Work item - Copy out the whole listing exactly as given. Skip the pictures.

Stored data -
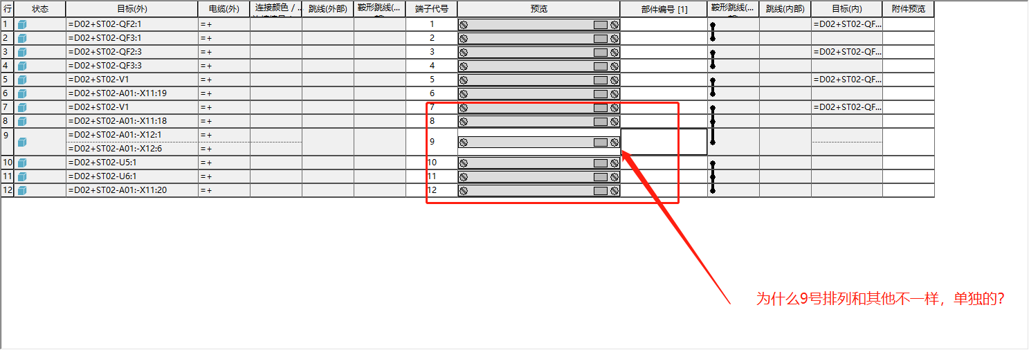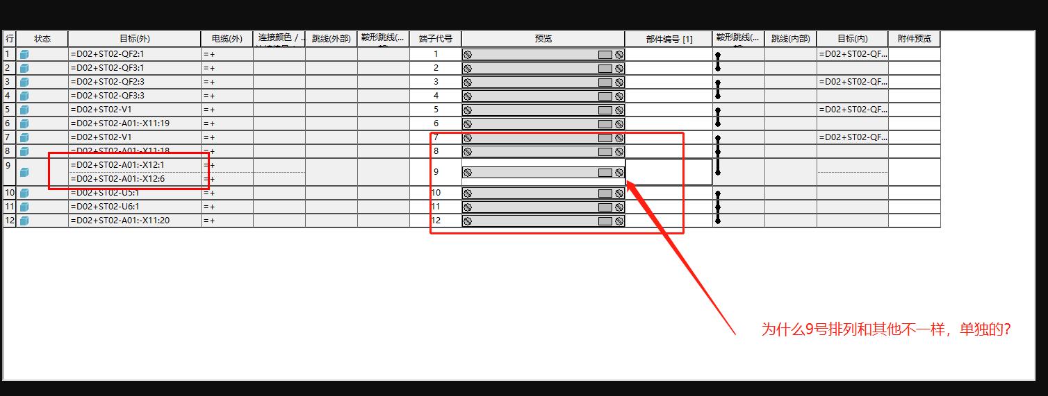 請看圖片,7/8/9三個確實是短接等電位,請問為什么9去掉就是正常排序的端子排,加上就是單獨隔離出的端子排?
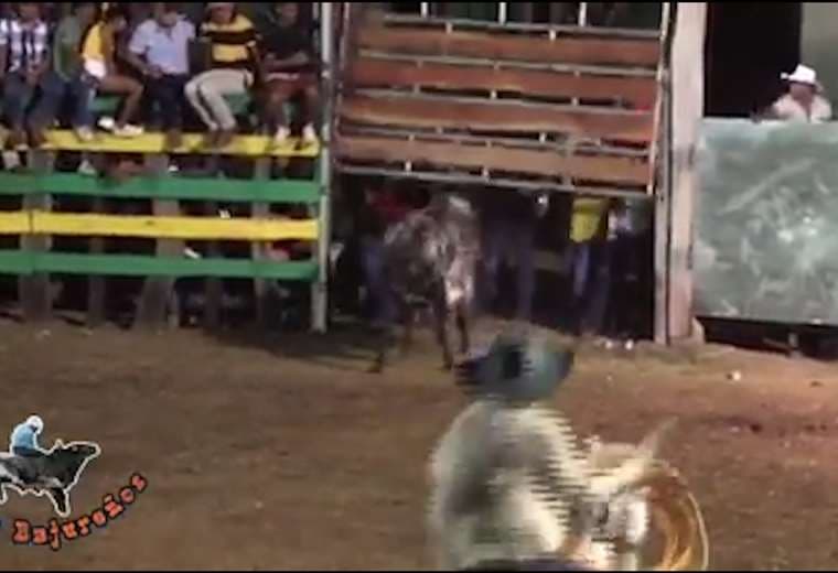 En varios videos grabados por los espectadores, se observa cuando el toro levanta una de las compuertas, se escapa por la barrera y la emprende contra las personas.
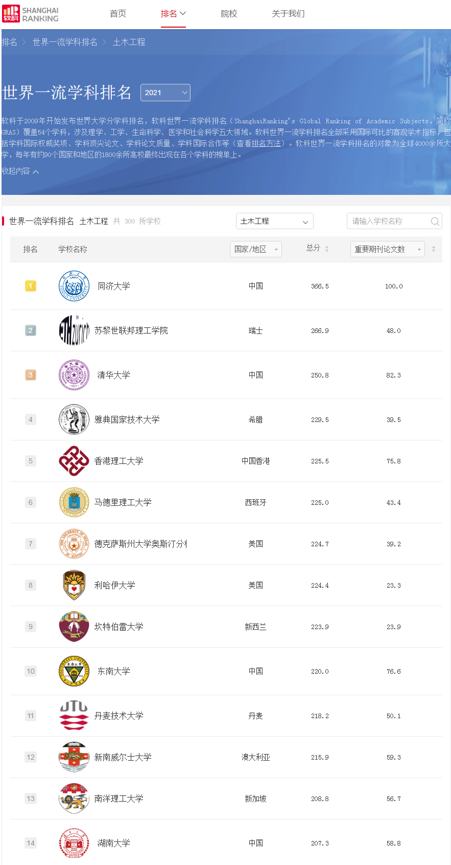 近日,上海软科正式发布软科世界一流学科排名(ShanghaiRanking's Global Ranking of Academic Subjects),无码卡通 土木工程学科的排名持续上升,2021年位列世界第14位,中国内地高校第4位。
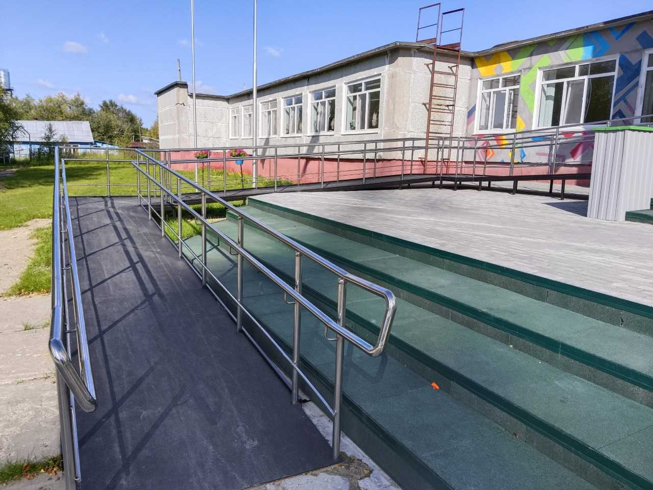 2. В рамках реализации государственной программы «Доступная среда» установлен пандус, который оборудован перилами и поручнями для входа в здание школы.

Response -
 請看圖片,7/8/9三個確實是短接等電位,請問為什么9去掉就是正常排序的端子排,加上就是單獨隔離出的端子排?
 En varios videos grabados por los espectadores, se observa cuando el toro levanta una de las compuertas, se escapa por la barrera y la emprende contra las personas.
 近日,上海软科正式发布软科世界一流学科排名(ShanghaiRanking's Global Ranking of Academic Subjects),无码卡通 土木工程学科的排名持续上升,2021年位列世界第14位,中国内地高校第4位。
 2. В рамках реализации государственной программы «Доступная среда» установлен пандус, который оборудован перилами и поручнями для входа в здание школы.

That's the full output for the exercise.